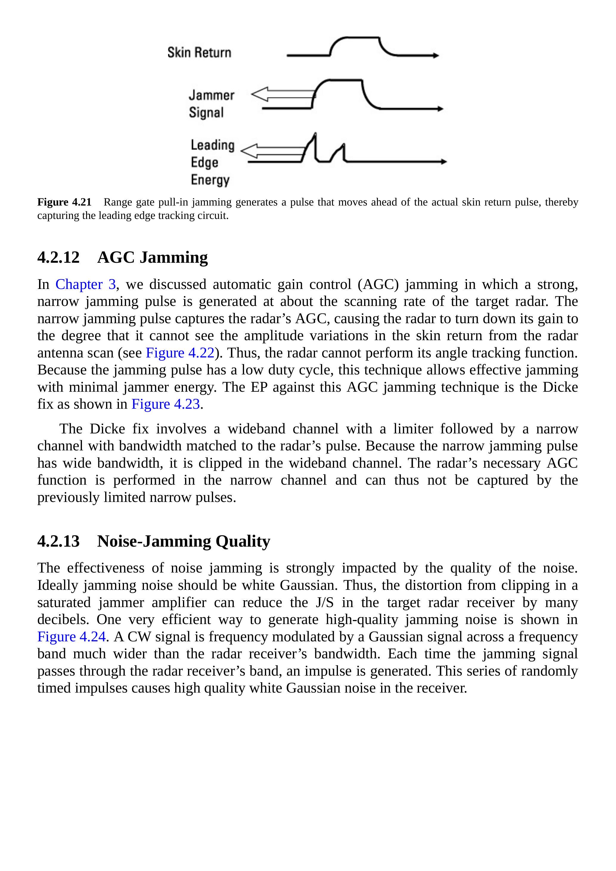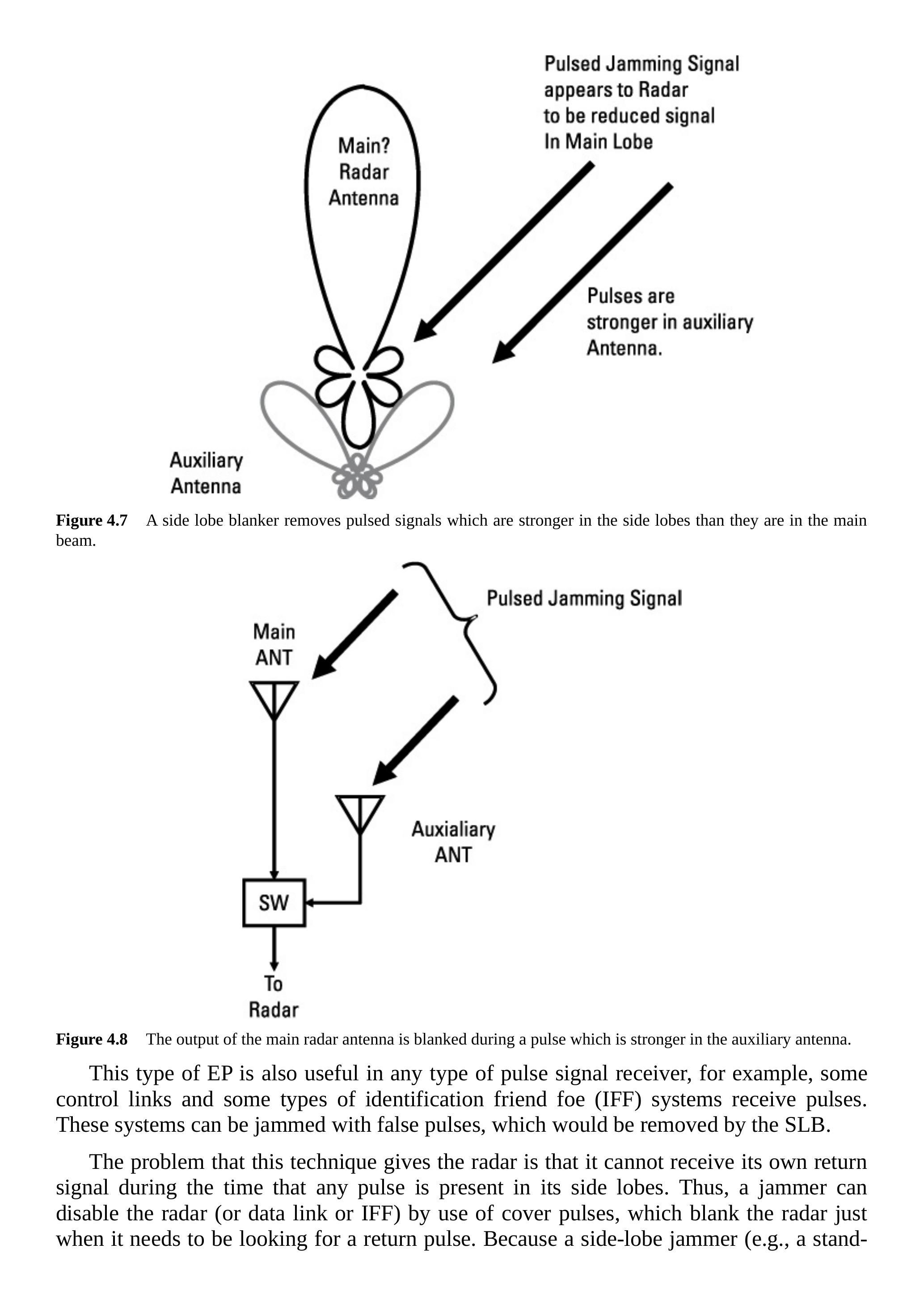 单脉冲雷达不会被第3章所述的部分干扰技术成功压制,反而有些干扰会增强其角度跟踪(见第4.2.5节)。
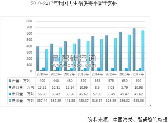 2008年中國(guó)再生鋁產(chǎn)量為270萬(wàn)噸,近年來(lái)由于有道國(guó)家宏觀調(diào)控,各種能源可再生政策發(fā)布,以及我國(guó)“十二五”和“十三五”可持續(xù)發(fā)展的要求,我國(guó)鋁再生產(chǎn)業(yè)發(fā)展速度,2017年再生鋁產(chǎn)量達(dá)到了690萬(wàn)噸,同時(shí)鋁再生平均增長(zhǎng)率達(dá)到10%。
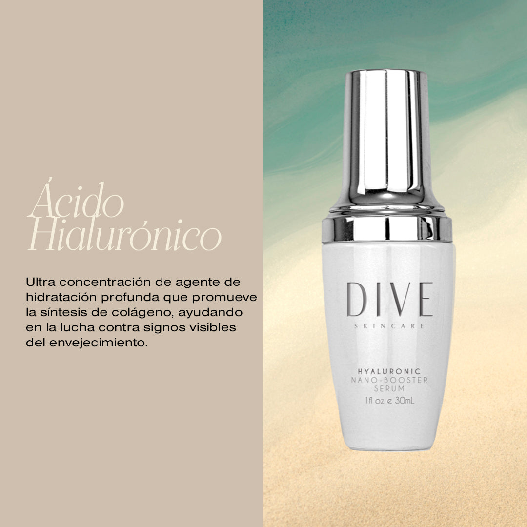 Sobre la piel limpia , toma una pequeña cantidad de Hyaluronic Nano Booster® en las yemas de tus dedos y masajea suavemente tu rostro en movimientos circulares, desde el centro hacia el exterior.
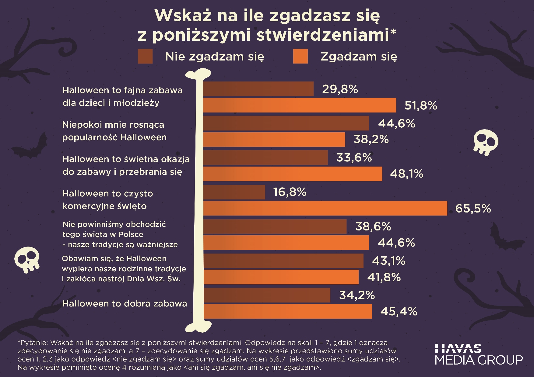 Dla 44,6% Polaków rosnąca popularność Halloween w Polsce to zjawisko neutralne – nie ma dla nas ani pozytywnego, ani negatywnego wydźwięku. Odbieramy ten dzień przede wszystkim jako dobrą zabawę (45,4%) i świetną okazję do zabawy i przebrania się – spędzenia tego dnia w inny niż zazwyczaj sposób (48,1%). Jednakże pomimo tego, że przez wielu Polaków Halloween oceniane jest w kategoriach czysto rozrywkowych, to widzimy także jego wady. Dla większości z nas dzień ten ma czysto komercyjny wymiar – dostrzegamy, że jest to kolejna okazja dla sklepów i marek, które chcą w ten sposób zwiększyć swoją sprzedaż. Część Polaków jest również zdania, że nie powinniśmy obchodzić tego święta – celebrowanie rodzimych tradycji związanych z dniem Wszystkich Świętych i Zaduszkami powinno być dla nas znacznie ważniejsze. Trudno jednak jednoznacznie stwierdzić czy Polacy obawiają się popularyzacji Halloween. W naszym badaniu 41,8% dorosłych Polaków wskazało, że obawia się, że Halloween wypiera nasze rodzime tradycje i zakłóca nastrój dnia Wszystkich Świętych. Obaw takich nie posiada 43,1% badanych.
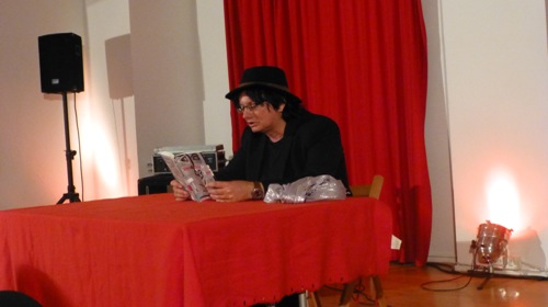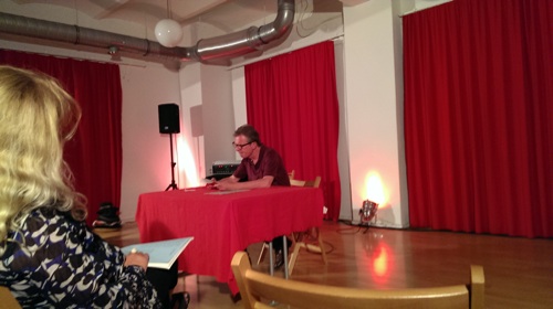 Daraufhin betritt Benjamin Schmälzlein die Bühne, der zum Klang von düsteren Mönchsgesängen aus der Stereo-Anlage mit viel Intensität sein Gedicht „Mein Vater – Unser Leid“ vorträgt. Der Autor beschreibt einen Alptraum vom Weltuntergang, erzählt aus der Perspektive eines Kindes. In der lyrischen Erzählung wird von „farbschwangeren Tapeten“ gesprochen und „Glasmurmeln, die umher rollen“, doch wohin sie rollen, ist wahrscheinlich egal. Im Anschluss liest Jo Stammer aus seinem Kriminalroman „Täuschend Echt“, der in der Kunstfälscher-Szene spielt. Der vorgetragene Ausschnitt spiegelt auf amüsante Art und Weise die Motivation des Protagonisten wider, der so unzufrieden mit der eigenen Identität ist, dass er die Identitäten berühmter Künstler annimmt und beginnt, deren Gemälde zu fälschen.
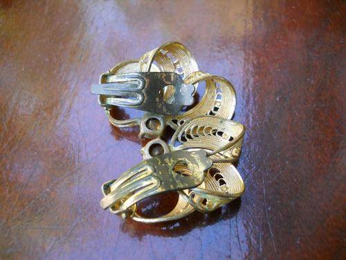 1950 Vintage Glamorous Filigree Metal Flower Costume Jewelry Clip Earrings
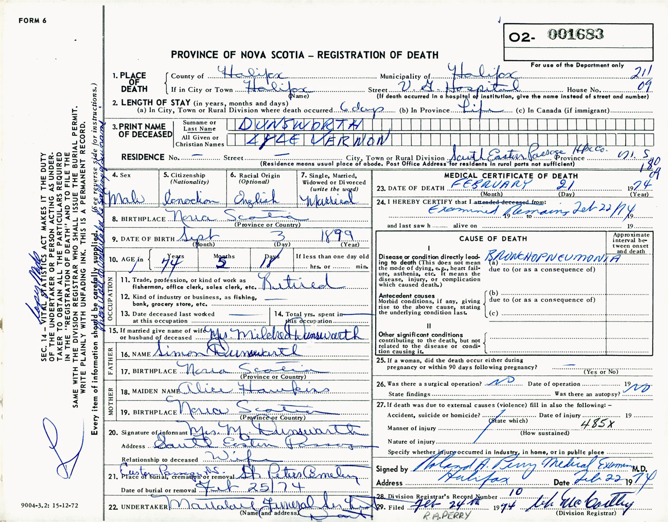 Male Death Registration: Year: 1974 number: 1683
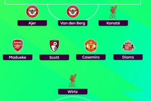 希勒评英超24轮最佳阵:埃基蒂克、卡塞米罗、维尔茨、科纳特入选体育资讯2月4日讯英超第24轮已经结束了全部的争夺,英格兰足坛传奇前锋希勒评选出了本轮英超最佳阵,埃基蒂克、马杜埃凯、卡塞米罗、科纳特、维尔茨入选。以下为具体阵容:门将:凯莱赫(布伦特福德)后卫:阿耶尔
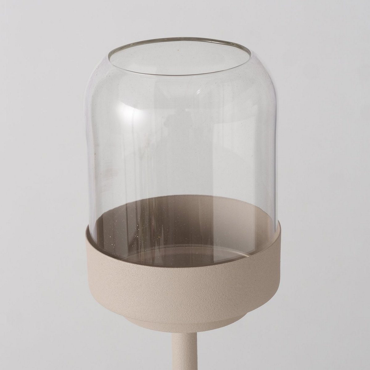 Windlight Senza, 3 p., Set 3, Round, H 28-46 cm, Iron powder coated, Single-colour iron powder coated beige
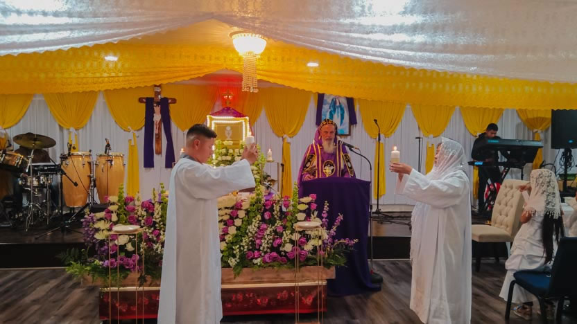 La visita a la comunidad Poder del Espíritu Santo concluyó con la celebración de la divina liturgia, presidida por el arzobispo.
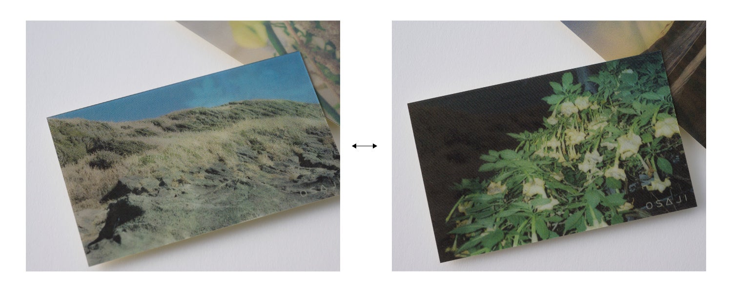 写真家・草野庸子氏による写真を配したレンチキュラーステッカー入り。
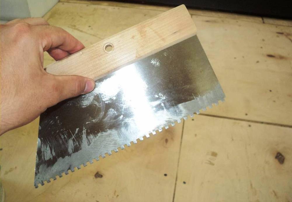 Каждый ряд проверяется на ровность при помощи строительного уровня. Клей надо наносить сначала на поверхность пола (не больше, чем на один квадратный метр), а потом на изнаночную сторону плитки при помощи небольшого зубчатого шпателя. Слой клея должен быть равномерным и не очень толстым.
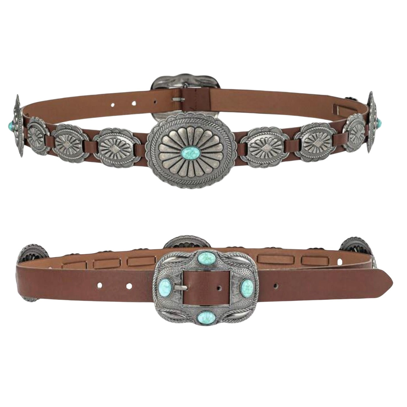 Cinturon Vaquero Turquesa Cafe 115 CM.
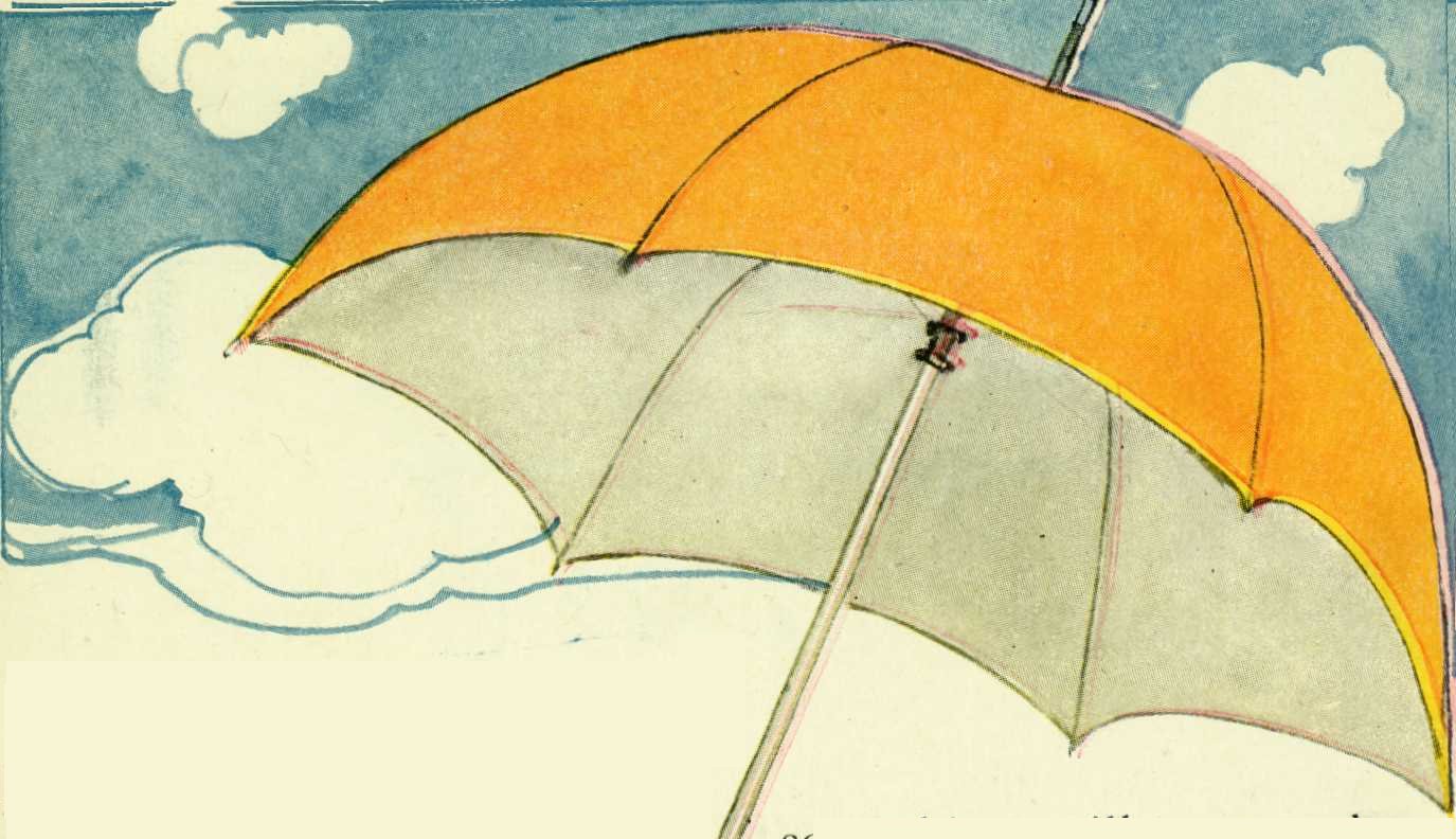 And one day, when Jackie and Peggs were playing in the garden with Kernel Cob and Sweetclover, the sun was very hot, so Peggs ran and got a parasol and put it over the dolls so they wouldn't wilt.
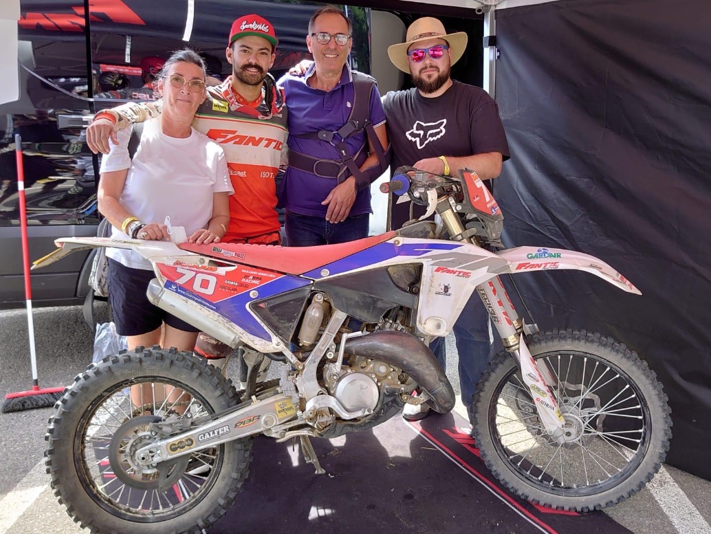 Nella foto il pilota con mamma, papà e Diego Morganti, direttore sportivo
+--
# WHAT IS EXPECTED:
Please set down, exactly and with no pictures, the lines in the entries above starting at the one holding "Sobre la piel" and ending at the one holding "Dla 44,6% Polaków", ends included.

# EXERCISE ANSWER:
 Sobre la piel limpia , toma una pequeña cantidad de Hyaluronic Nano Booster® en las yemas de tus dedos y masajea suavemente tu rostro en movimientos circulares, desde el centro hacia el exterior.
 Dla 44,6% Polaków rosnąca popularność Halloween w Polsce to zjawisko neutralne – nie ma dla nas ani pozytywnego, ani negatywnego wydźwięku. Odbieramy ten dzień przede wszystkim jako dobrą zabawę (45,4%) i świetną okazję do zabawy i przebrania się – spędzenia tego dnia w inny niż zazwyczaj sposób (48,1%). Jednakże pomimo tego, że przez wielu Polaków Halloween oceniane jest w kategoriach czysto rozrywkowych, to widzimy także jego wady. Dla większości z nas dzień ten ma czysto komercyjny wymiar – dostrzegamy, że jest to kolejna okazja dla sklepów i marek, które chcą w ten sposób zwiększyć swoją sprzedaż. Część Polaków jest również zdania, że nie powinniśmy obchodzić tego święta – celebrowanie rodzimych tradycji związanych z dniem Wszystkich Świętych i Zaduszkami powinno być dla nas znacznie ważniejsze. Trudno jednak jednoznacznie stwierdzić czy Polacy obawiają się popularyzacji Halloween. W naszym badaniu 41,8% dorosłych Polaków wskazało, że obawia się, że Halloween wypiera nasze rodzime tradycje i zakłóca nastrój dnia Wszystkich Świętych. Obaw takich nie posiada 43,1% badanych.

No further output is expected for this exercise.